[Records drawn from a dataset]
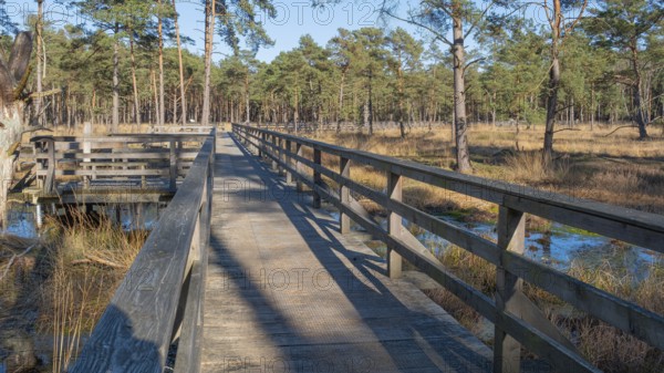 View along a moor bridge in the moor adventure trail, Otternhagener Moor, Resse, Neustadt am Rübenberge, Hanover, Lower Saxony, Germany, Europe
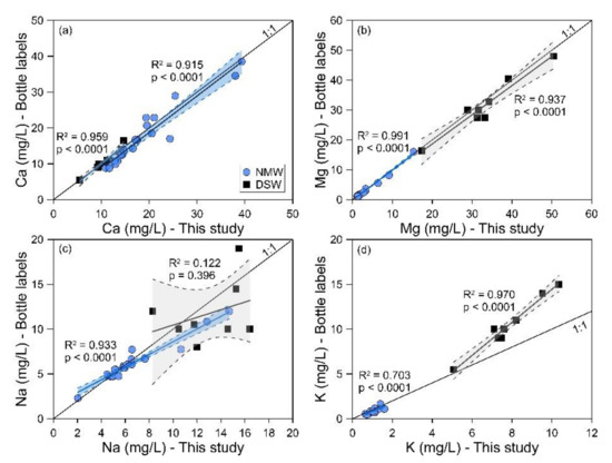 Comparison of major cation concentrations measured in this study and those on bottle label: (a) Ca, (b) Mg, (c) Na, and (d) K. The regression lines for NMW and DMW are superimposed within the range of 95% confidence interval.
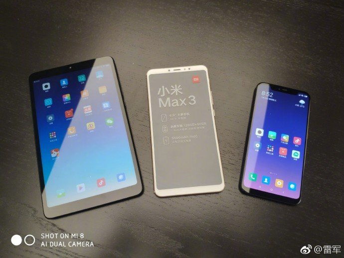 A Xiaomi Mi Max3 a gyártó valaha volt legnagyobb kijelzővel rendelkező telefonja. Az alábbi fotókon a Xiaomi Mi 8 és a Xiaomi Mi Pad 4 tablet mellett látható. A Mi Max 3 hatalmas, 6.9 colos, full HD+ kijelzővel felszerelt, a burkolat alatt egy 5500 mAh kapacitású telep rejtőzik, extraként akár power bankként is működik, más készülék tölthető róla, igazán ritka funkció.
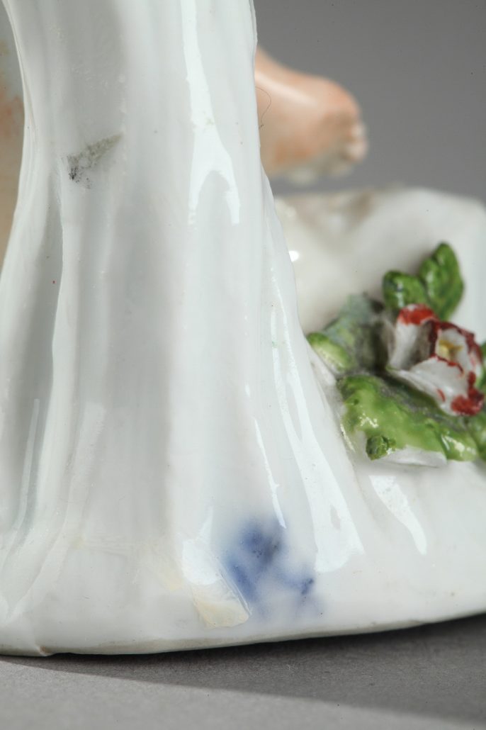 MEISSEN : Mid 18th century. Figure of a child holding grapes.
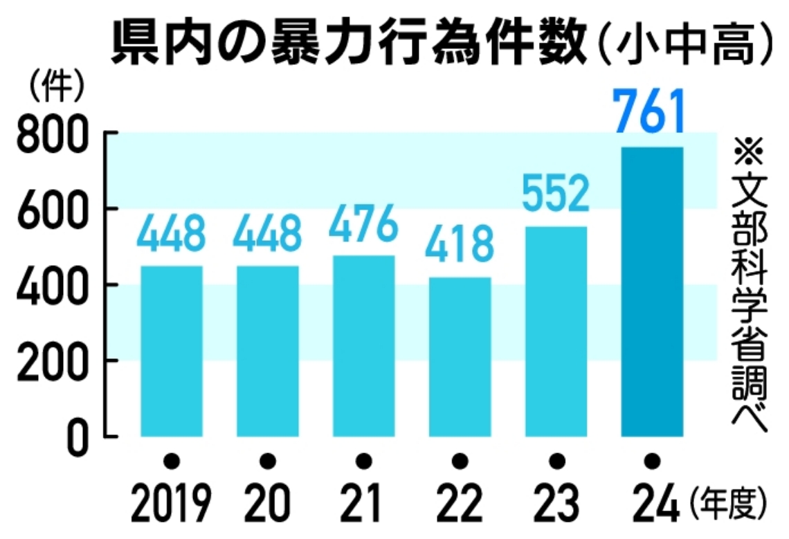 子ども同士の人間関係が荒れている。文部科学省が公表した2024年度の「問題行動・不登校調査」によると、大分県内の小中高校で発生した暴力行為は761件に上り、前年度から209件増え、1999年度以降で最多を記録。暴力行為の急増は看過できない...
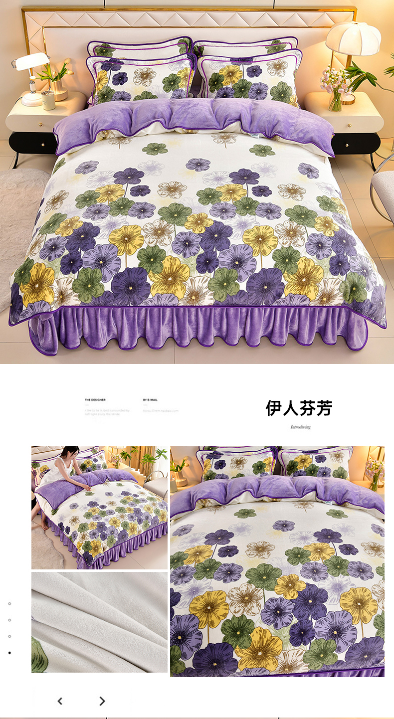 商品名称:馨梦缘 2025直播爆款8.5斤牛奶绒四件套加厚保暖床裙金貂绒 伊人芬芳

TASK ITEM
Every line above goes into your copy exactly; no images go in.

SOLVED PROBLEM
 View along a moor bridge in the moor adventure trail, Otternhagener Moor, Resse, Neustadt am Rübenberge, Hanover, Lower Saxony, Germany, Europe
 Comparison of major cation concentrations measured in this study and those on bottle label: (a) Ca, (b) Mg, (c) Na, and (d) K. The regression lines for NMW and DMW are superimposed within the range of 95% confidence interval.
 A Xiaomi Mi Max3 a gyártó valaha volt legnagyobb kijelzővel rendelkező telefonja. Az alábbi fotókon a Xiaomi Mi 8 és a Xiaomi Mi Pad 4 tablet mellett látható. A Mi Max 3 hatalmas, 6.9 colos, full HD+ kijelzővel felszerelt, a burkolat alatt egy 5500 mAh kapacitású telep rejtőzik, extraként akár power bankként is működik, más készülék tölthető róla, igazán ritka funkció.
 MEISSEN : Mid 18th century. Figure of a child holding grapes.
 子ども同士の人間関係が荒れている。文部科学省が公表した2024年度の「問題行動・不登校調査」によると、大分県内の小中高校で発生した暴力行為は761件に上り、前年度から209件増え、1999年度以降で最多を記録。暴力行為の急増は看過できない...
 商品名称:馨梦缘 2025直播爆款8.5斤牛奶绒四件套加厚保暖床裙金貂绒 伊人芬芳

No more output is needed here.